If I look at a pattern carefully engraved into the surface of a copper plate, in what sense does the pattern actually exist, as distinct from the sense in which the copper plate exists ?
And is the existence of a 'surface' a different kind of existence from both the copper and the pattern?
In my view, the problem is one of communication.
We, materialists and idealists both, are attempting to communicate thoughts about certain aspects of the world, as each of us perceives it. We have inherited a set of words, and some associated 'definitions'. Sometimes we get tricked into thinking these definitions constitute the rules of communication. Maybe it would be useful to proceed by agreeing before the discussion proper starts, that we will use one word to signify one idea, another word to signify another idea, and so on, in a temporary, ad hoc way, without appealing to the 'authority' of the dictionary, if that appeal would just clog up the discussion.
So if, for example, we agree by observation that a series of separate areas of the copper plate are marked in some similar way, such that we perceive a pattern, we can find some way to discuss more fruitfully the distinction between the existence of the copper plate, the existence of 'surfaces', 'shapes' etc, and the existence of the pattern. Because we are all agreed, are we not, that there are differences?

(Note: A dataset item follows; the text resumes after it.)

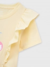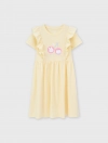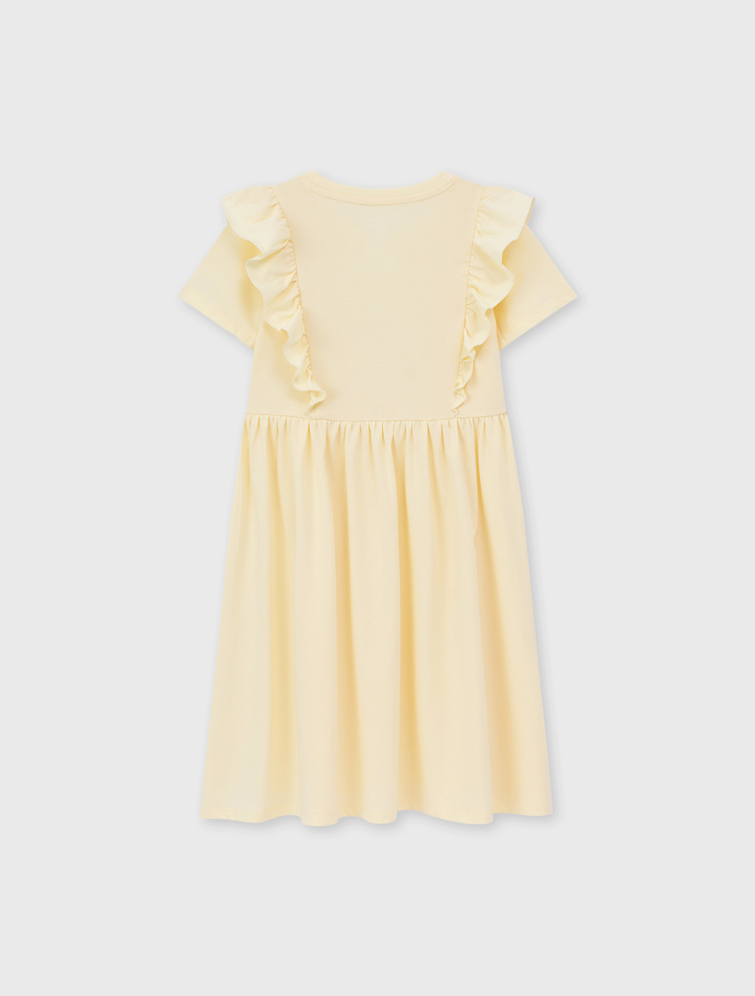 Váy liền bé gái cộc tay có hình in. Chi tiết bèo vai nữ tính, phù hợp với nhiều hoàn cảnh sử dụng.

Re: Souls, Minds, Bodies & Planets

Posted: Thu Sep 01, 2011 10:24 pm
by blackbox
Thundril wrote:I could sing you a song I last heard fifty-odd years ago, sung to me by my Grandad, who himself learned that song as a child, and has never heard it again. If this song has never been written down, where has it been all this time?
Your grandad's song has been in your brain. It is composed largely of calcium, was the result of an electro-chemical reaction where the voltage was sufficient to result in the calcium doing its thing, and we call it a memory. There is no reason to think it has some sort of immaterial existence.

Re: Souls, Minds, Bodies & Planets

Posted: Thu Sep 01, 2011 10:33 pm
by blackbox
Notvacka wrote:Playing it is a physical expression of an immaterial idea. :)
But everything we know about ideas is that they are material. They are complex arrangements of neurons and synapses. They are the result of chemicals energised by electrical charges. What reason do you have to say that ideas are immaterial?

Re: Souls, Minds, Bodies & Planets

Posted: Fri Sep 02, 2011 12:57 am
by Thundril
blackbox wrote:
Thundril wrote:I could sing you a song I last heard fifty-odd years ago, sung to me by my Grandad, who himself learned that song as a child, and has never heard it again. If this song has never been written down, where has it been all this time?
Your grandad's song has been in your brain. It is composed largely of calcium, was the result of an electro-chemical reaction where the voltage was sufficient to result in the calcium doing its thing, and we call it a memory. There is no reason to think it has some sort of immaterial existence.
I don't think it exists on some ethereal, magical 'plane'. But the existence of some connections between some synapses in the lump of grey-pink jelly that would spill out if you broke my skull open is not at all the same as the existence of said bone-dome itself, is it?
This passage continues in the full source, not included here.